Harold Wood is a suburban neighbourhood of Romford in the London Borough of Havering.  It is situated  east-northeast of Charing Cross and near to the Greater London boundary with Essex.

History

Toponymy
The name Harold Wood was recorded in about 1237, when it was shown as Horalds Wood. It was named after King Harold Godwinson, who was defeated by William the Conqueror in 1066. He held the surrounding manor of Havering-atte-Bower. Some of the original roads are named after Anglo-Saxon kings such as Æthelstan and Alfred the Great.

Local government
Harold Wood formed a ward in the ancient parish of Hornchurch, although the area now around the station was in the North End ward. The eastern and southern boundary of the parish was the River Ingrebourne such that the area around Harold Court was in the parish of Upminster. Although locally situated within Essex the ancient Hornchurch parish formed the independent Liberty of Havering and was outside county administration. Harold Wood ward came under the control of the vestry of Romford chapelry, which also included Collier Row and Noak Hill, however most of the current area of Harold Wood was in the North End ward which remained under Hornchurch parish vestry. In 1836 Romford and Hornchurch became separate civil parishes and were grouped into the Romford Poor Law Union. The area of the union, excluding the town of Romford, became a rural sanitary district in 1875. The special status of the Liberty of Havering was abolished in 1892 and the area was reincorporated into Essex.

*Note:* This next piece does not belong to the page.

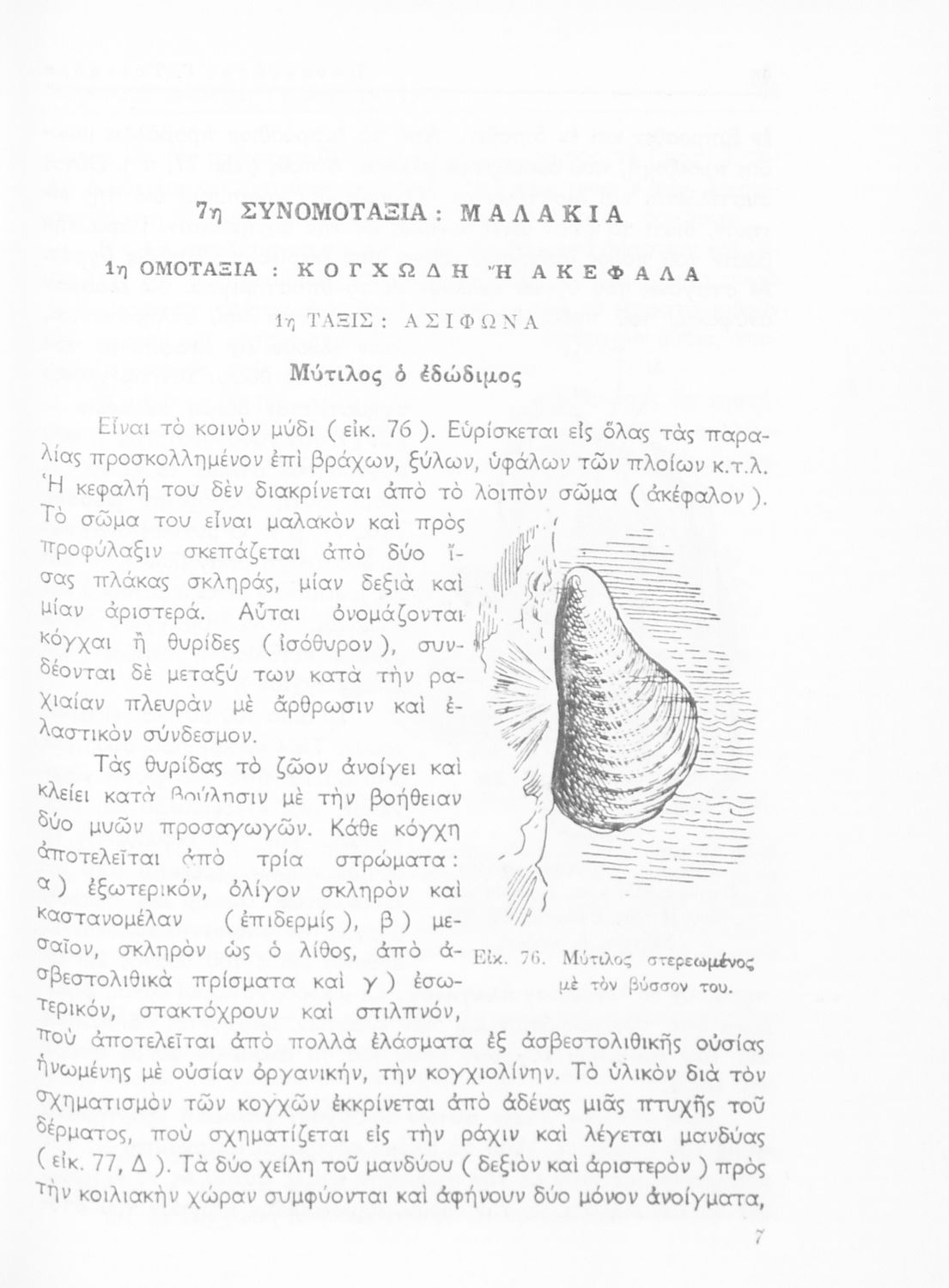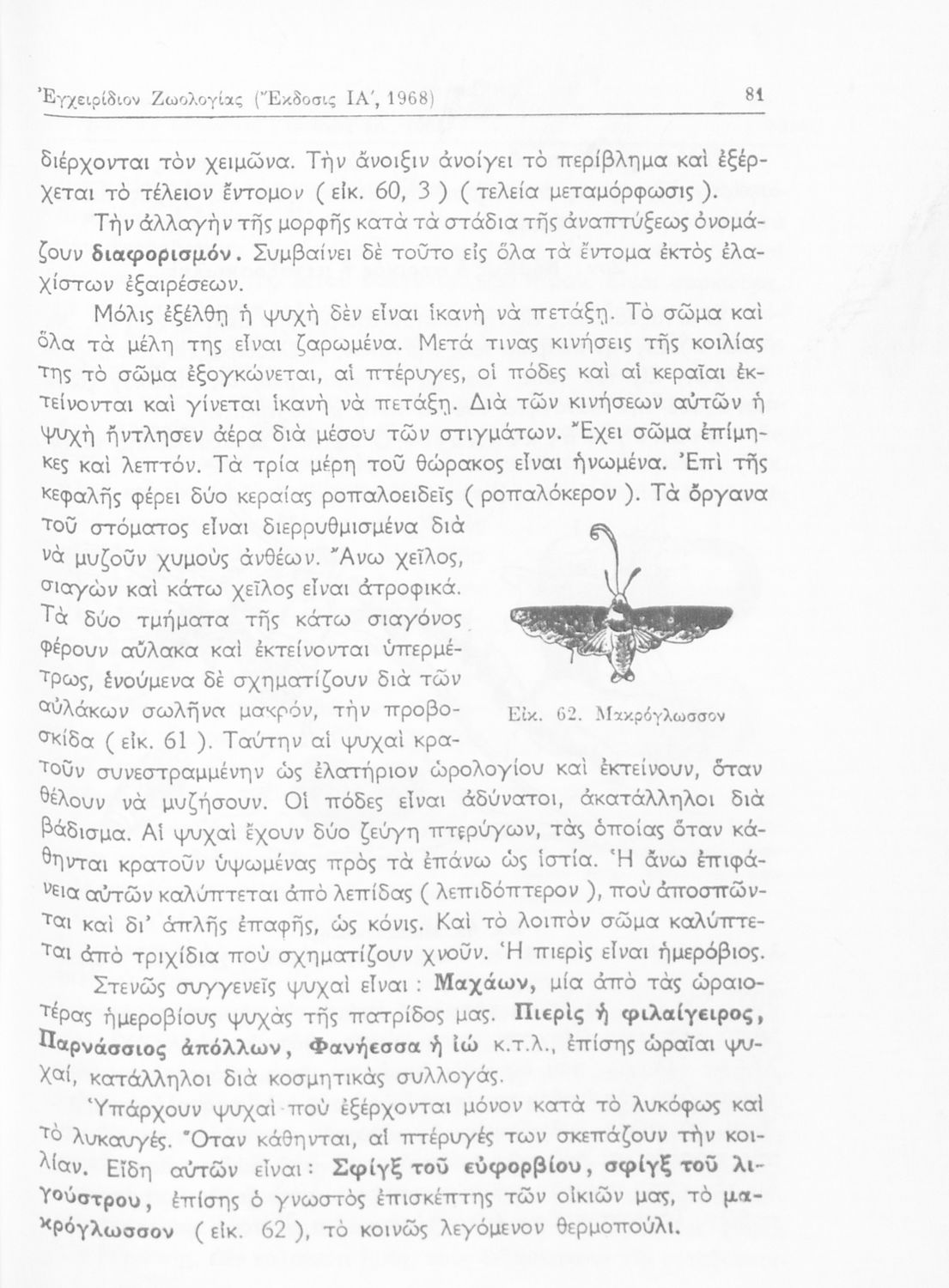 Σχολικό εγχειρίδιο Ζωολογίας Α΄ Γυμνασίου που εστιάζει στη φυσιολογία και ανατομία και παρουσιάζει τα διάφορα ζώα ανάλογα με την συνομοταξία στην οποία ανήκουν. Φέρει το σύμβολο της δικτατορίας.

Following the Local Government Act 1894, the Romford parish was split with the northern part of the Harold Wood ward becoming a new parish of Noak Hill and the southern part forming part of the Romford Rural parish, both within the Romford Rural District. This split the administration of the area between the Hornchurch, Romford Rural, Noak Hill and Upminster parish councils, and the Romford Rural District Council. In 1900 the Romford Rural parish was recombined with Romford Urban (which consisted of the town of Romford) to form an expanded Romford Urban District. With suburban house building, the population in the area started to rise soon after which prompted changes to the local government system. Hornchurch parish became the Hornchurch Urban District in 1926 and Upminster was added to it in 1934. The area formed part of the London Traffic Area from 1924 and the London Passenger Transport Area from 1933.  The whole area was included in the London Borough of Havering in 1965 when it was transferred from Essex to Greater London.

Urban development

Harold Wood Hospital, on Gubbins Lane, closed on 13 December 2006 with all patients moved to Queen's Hospital in nearby Romford. The site vacated by the hospital was earmarked for a 470-home housing development which faced fierce opposition from the local population. As of February 2023, the Kings Park estate has been completed.

Education

There are three schools in Harold Wood:
 Secondary - Redden Court School
 Primary - Harold Wood Primary School and Harold Court Primary School

Geography

Harold Wood borders with the following places:

 Ardleigh Green
 Gidea Park
 Harold Park
 Harold Hill
 Hornchurch
 Brentwood

Demography
86% of the population is White British, as of the 2011 census.

Transport

Buses
Harold Wood is served by several London Bus routes:

 Daily routes include 256, 294, 496, 497, 498 and 499
 Mon–Sat 347
 School routes 646, 656 and 608

Railway
Harold Wood railway station is situated on the Great Eastern Main Line and the Elizabeth line. It is served generally by eight trains an hour each way between London Paddington and Shenfield on the Elizabeth line; services are operated by TfL. As of February 2023, trains run from Shenfield to Paddington via Whitechapel, London Liverpool Street, Farringdon and  Tottenham Court Road.
The nearest tube stations to Harold Wood are Upminster Bridge and Hornchurch, both on the District line.

Roads
The M25 motorway runs along the easterly boundary and the A12 and A127 roads form the north-west and south-west borders respectively.